**TASK DETAILS:**
From the entries below, return only the lines starting at the one that contains "軽い力で前に進む[自走式:ヘ" and ending at the one that contains "CATS Hand drawn", exactly as they stand.
* * *
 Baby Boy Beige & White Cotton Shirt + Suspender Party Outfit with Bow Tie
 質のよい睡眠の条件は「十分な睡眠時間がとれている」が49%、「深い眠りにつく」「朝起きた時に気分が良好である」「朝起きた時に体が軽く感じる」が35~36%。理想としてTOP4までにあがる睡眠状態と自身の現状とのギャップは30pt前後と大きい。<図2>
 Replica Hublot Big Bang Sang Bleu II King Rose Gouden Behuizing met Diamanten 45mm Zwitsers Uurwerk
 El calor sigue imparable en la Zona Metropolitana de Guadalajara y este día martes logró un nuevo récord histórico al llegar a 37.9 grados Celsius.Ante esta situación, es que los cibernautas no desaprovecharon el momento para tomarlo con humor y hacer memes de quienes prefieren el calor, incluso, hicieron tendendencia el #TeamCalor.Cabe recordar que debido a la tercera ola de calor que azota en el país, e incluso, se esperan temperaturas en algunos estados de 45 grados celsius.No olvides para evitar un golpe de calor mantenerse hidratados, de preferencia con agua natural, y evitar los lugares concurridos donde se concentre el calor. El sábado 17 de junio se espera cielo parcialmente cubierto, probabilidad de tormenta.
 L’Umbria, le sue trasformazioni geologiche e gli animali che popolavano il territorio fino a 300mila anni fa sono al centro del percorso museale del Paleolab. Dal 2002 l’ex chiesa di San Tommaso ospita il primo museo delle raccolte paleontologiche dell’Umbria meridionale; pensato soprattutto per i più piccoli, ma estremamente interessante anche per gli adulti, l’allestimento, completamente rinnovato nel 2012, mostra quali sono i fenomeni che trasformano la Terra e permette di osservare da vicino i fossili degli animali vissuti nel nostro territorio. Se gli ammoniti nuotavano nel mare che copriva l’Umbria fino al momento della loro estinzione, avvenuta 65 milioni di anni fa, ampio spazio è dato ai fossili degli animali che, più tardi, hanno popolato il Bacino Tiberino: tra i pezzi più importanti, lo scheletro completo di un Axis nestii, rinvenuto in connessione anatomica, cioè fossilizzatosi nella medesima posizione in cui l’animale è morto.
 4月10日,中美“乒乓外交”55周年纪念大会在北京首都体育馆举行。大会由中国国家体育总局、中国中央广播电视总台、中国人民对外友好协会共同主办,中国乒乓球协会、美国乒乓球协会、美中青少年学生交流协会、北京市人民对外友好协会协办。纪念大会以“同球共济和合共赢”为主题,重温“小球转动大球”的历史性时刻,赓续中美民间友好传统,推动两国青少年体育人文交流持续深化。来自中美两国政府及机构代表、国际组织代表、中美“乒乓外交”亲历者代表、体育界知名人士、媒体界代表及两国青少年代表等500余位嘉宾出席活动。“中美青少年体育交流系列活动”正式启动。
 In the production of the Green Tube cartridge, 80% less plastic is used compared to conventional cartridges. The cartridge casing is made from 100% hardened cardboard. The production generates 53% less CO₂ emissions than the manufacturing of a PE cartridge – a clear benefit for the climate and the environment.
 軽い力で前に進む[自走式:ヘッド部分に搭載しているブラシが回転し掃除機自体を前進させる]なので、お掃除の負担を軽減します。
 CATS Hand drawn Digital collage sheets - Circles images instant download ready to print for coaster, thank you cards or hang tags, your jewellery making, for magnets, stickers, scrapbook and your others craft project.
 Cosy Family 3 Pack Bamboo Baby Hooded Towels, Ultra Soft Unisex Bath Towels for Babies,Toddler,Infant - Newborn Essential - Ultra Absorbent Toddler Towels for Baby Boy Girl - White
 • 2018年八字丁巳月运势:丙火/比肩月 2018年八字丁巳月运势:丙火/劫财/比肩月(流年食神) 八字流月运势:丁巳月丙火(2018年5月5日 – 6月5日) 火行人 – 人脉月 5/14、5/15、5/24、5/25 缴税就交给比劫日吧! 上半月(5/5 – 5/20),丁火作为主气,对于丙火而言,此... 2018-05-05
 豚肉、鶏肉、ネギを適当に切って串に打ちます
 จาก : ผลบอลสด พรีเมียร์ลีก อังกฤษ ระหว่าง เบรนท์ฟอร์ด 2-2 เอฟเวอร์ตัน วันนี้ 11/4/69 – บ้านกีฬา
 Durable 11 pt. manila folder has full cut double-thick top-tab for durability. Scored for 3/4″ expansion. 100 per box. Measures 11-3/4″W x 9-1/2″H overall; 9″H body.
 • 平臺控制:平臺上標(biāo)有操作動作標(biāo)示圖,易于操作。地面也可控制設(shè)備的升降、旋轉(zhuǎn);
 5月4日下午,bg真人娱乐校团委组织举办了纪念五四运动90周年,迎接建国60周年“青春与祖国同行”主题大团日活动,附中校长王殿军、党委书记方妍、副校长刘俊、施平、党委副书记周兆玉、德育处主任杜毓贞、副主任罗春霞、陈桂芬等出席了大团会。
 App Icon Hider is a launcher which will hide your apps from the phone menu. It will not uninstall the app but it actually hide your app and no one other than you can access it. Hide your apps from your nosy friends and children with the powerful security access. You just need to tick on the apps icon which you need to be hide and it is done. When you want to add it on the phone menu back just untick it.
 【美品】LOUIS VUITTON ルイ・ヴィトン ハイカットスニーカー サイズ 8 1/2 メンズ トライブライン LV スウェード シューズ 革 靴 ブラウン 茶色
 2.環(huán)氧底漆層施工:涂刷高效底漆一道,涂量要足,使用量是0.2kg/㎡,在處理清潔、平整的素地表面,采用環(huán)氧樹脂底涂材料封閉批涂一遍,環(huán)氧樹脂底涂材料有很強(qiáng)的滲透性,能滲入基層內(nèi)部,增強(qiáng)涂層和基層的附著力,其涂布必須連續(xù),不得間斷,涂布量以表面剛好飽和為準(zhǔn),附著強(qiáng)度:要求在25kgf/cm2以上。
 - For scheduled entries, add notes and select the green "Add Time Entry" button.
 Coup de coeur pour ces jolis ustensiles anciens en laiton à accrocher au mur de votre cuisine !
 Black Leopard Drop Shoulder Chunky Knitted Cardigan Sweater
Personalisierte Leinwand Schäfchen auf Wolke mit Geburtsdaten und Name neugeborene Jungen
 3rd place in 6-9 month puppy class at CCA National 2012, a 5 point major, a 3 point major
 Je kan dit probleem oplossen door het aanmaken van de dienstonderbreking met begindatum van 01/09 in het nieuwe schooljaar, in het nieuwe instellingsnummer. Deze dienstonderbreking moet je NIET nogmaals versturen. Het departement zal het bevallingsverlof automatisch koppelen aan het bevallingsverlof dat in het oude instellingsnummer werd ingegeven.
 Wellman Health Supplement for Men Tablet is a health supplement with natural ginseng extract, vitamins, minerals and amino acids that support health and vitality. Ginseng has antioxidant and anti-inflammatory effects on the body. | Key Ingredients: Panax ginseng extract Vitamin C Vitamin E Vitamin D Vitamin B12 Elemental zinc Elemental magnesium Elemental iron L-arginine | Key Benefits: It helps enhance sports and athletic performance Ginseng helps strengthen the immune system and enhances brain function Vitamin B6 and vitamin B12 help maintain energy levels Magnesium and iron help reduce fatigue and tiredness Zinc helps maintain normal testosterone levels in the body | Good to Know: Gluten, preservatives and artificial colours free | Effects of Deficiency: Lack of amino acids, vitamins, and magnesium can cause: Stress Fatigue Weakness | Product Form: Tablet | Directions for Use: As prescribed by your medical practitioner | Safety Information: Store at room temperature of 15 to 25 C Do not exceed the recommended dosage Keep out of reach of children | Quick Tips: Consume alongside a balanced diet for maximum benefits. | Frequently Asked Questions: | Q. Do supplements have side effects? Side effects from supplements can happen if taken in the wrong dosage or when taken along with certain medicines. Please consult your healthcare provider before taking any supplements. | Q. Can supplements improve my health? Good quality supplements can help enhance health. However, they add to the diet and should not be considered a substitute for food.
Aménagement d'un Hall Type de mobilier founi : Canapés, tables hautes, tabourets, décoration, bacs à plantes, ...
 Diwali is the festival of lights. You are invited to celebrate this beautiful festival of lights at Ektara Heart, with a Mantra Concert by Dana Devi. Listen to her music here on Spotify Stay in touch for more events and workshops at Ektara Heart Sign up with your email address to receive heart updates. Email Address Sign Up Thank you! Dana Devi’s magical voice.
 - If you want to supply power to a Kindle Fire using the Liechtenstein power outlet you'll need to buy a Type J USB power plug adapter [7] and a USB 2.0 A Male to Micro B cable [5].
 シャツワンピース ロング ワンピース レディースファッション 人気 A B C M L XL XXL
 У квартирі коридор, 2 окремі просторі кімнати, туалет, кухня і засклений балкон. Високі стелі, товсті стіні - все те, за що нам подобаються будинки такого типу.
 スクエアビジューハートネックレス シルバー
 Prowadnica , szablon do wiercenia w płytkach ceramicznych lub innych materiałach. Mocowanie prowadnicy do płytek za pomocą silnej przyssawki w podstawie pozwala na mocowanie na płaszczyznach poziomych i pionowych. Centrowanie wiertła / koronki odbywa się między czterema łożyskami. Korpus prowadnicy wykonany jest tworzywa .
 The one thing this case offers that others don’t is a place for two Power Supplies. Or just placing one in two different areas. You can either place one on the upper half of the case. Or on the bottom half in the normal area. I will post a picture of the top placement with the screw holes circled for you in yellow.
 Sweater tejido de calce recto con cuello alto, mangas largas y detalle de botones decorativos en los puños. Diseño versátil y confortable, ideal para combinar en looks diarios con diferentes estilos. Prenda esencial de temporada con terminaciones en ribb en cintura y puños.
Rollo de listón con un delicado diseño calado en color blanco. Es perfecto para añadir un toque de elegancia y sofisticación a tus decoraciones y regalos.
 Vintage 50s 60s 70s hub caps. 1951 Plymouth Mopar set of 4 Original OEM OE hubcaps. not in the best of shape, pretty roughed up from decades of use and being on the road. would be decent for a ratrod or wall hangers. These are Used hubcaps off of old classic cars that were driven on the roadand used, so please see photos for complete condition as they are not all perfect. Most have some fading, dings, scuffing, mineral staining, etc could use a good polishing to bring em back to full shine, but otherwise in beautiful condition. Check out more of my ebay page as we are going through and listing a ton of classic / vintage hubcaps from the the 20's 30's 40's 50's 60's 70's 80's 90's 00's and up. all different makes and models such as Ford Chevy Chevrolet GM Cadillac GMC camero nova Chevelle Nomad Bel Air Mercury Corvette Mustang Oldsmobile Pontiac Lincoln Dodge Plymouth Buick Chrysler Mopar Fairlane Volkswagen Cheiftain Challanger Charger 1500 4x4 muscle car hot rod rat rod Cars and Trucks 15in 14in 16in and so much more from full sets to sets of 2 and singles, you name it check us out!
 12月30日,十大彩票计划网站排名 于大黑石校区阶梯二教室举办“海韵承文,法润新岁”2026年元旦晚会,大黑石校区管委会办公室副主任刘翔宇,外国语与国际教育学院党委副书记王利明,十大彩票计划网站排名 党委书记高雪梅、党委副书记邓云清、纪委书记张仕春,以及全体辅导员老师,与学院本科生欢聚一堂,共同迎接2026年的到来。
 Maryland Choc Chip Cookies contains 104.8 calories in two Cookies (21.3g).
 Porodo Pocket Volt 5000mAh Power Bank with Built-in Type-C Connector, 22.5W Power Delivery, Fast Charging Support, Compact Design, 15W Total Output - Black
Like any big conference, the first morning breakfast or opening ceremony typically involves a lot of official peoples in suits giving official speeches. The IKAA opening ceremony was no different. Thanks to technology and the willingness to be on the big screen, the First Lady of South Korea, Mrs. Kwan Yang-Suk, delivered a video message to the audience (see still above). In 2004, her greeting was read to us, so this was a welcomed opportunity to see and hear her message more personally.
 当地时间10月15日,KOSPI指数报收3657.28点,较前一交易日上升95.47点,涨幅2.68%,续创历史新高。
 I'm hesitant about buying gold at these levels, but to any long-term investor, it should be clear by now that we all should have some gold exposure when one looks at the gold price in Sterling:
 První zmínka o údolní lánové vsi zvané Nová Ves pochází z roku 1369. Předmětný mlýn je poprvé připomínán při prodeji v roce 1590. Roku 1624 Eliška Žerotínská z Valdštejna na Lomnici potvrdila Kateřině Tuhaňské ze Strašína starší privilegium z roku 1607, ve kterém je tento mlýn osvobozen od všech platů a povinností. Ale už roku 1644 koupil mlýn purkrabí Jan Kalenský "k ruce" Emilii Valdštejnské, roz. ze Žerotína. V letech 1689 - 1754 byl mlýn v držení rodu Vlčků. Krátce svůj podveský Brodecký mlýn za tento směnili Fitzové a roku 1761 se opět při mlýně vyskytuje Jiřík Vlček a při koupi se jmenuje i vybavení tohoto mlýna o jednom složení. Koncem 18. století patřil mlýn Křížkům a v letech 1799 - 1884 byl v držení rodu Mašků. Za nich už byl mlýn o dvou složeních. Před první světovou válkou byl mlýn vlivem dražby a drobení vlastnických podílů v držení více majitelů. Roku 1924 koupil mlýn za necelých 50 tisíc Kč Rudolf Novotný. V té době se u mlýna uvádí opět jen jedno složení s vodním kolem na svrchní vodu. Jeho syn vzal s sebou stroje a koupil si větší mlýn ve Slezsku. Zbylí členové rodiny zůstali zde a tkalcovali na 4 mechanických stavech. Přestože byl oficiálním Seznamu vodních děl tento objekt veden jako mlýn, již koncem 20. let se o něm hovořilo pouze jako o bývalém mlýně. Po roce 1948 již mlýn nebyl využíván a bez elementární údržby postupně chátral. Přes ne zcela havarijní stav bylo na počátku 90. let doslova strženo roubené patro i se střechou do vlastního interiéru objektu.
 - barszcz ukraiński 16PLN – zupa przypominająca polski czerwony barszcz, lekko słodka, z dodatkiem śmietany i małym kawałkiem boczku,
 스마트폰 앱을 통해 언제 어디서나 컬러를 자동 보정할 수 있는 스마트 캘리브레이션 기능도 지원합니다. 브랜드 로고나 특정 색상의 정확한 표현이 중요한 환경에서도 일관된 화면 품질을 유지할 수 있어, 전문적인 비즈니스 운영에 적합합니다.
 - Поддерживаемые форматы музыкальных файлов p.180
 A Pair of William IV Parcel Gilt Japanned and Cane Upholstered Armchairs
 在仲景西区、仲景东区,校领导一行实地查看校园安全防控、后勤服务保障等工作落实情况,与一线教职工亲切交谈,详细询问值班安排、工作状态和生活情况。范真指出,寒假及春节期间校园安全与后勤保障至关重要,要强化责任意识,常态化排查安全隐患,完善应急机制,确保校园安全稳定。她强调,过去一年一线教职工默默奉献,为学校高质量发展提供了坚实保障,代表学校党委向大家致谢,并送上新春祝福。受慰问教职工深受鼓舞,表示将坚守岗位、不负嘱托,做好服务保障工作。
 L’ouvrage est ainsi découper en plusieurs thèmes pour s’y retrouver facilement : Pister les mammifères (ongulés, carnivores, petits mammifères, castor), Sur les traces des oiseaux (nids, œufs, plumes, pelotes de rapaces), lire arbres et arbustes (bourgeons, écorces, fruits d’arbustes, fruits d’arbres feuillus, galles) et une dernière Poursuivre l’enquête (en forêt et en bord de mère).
* * *
**WRITTEN REPLY:**
 軽い力で前に進む[自走式:ヘッド部分に搭載しているブラシが回転し掃除機自体を前進させる]なので、お掃除の負担を軽減します。
 CATS Hand drawn Digital collage sheets - Circles images instant download ready to print for coaster, thank you cards or hang tags, your jewellery making, for magnets, stickers, scrapbook and your others craft project.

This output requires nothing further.